[PATCH] D52528: [X86] Type legalize v2f32 loads by using an f64 load and a scalar_to_vector.
Simon Pilgrim via Phabricator via llvm-commits
llvm-commits at lists.llvm.org
Thu Oct 11 04:19:33 PDT 2018
RKSimon accepted this revision.
RKSimon added a comment.
This revision is now accepted and ready to land.
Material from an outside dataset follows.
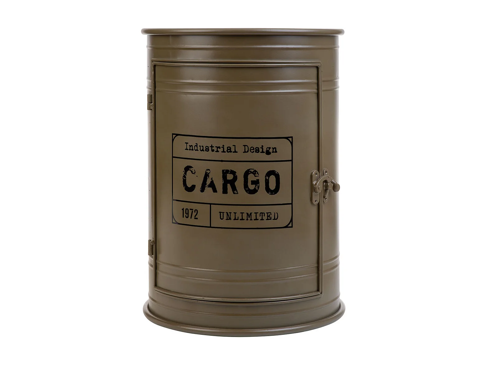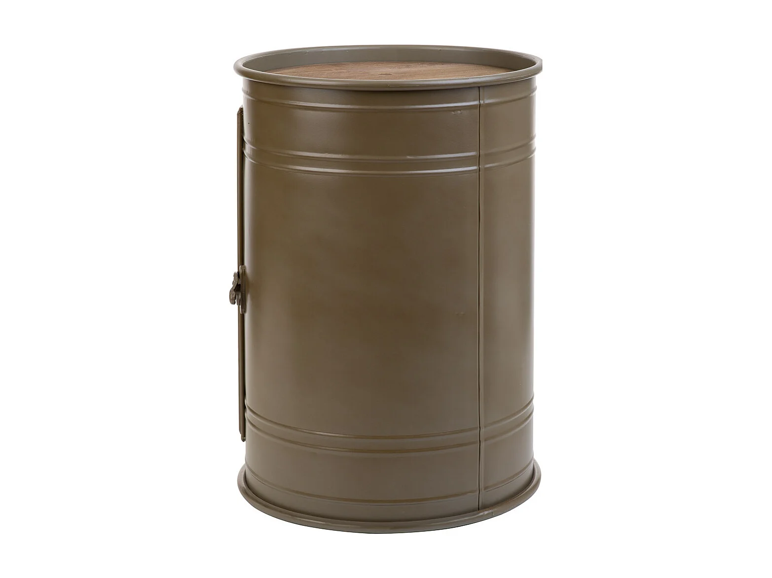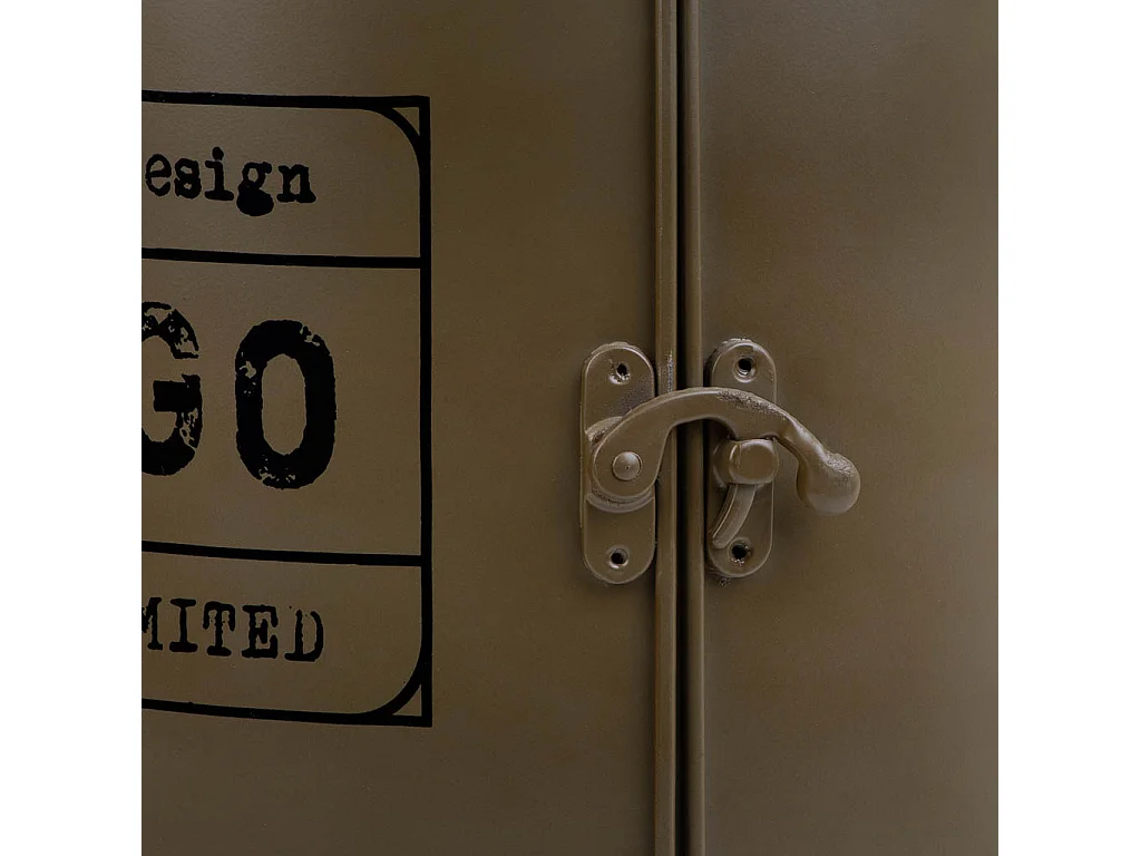 Regaltisch aus Metall und Holz mit grün bedrucktem Innenregal D34x46

LGTM as long as all the regressions are documented somewhere so we don't lose track
================
Comment at: lib/Target/X86/X86ISelLowering.cpp:896
+ setOperationAction(ISD::LOAD, MVT::v2f32, Custom);
+
----------------
Please can you align the arguments into the columns </pedantic>
================
Comment at: test/CodeGen/X86/vec_extract-avx.ll:174
; X32-NEXT: movl {{[0-9]+}}(%esp), %ecx
-; X32-NEXT: vmovss {{.*#+}} xmm0 = mem[0],zero,zero,zero
+; X32-NEXT: vmovsd {{.*#+}} xmm0 = mem[0],zero
+; X32-NEXT: vxorps %xmm1, %xmm1, %xmm1
----------------
craig.topper wrote:
> spatel wrote:
> > craig.topper wrote:
> > > This regression is because DAGCombiner::visitEXTRACT_ELEMENT explicitly avoids splitting a load until after op legalization. So we form a shuffle first and then we can't recover.
> > >
> > > I just checked to see if InstCombine would let this sequence through in the first place and it looks like it will widen the 2f32 to v8f32 and then shuffle the single element into place. Same as what was DAGCombine did. This seems not great. Why aren't we recognizing that we don't need the other elements of the v2f32 load?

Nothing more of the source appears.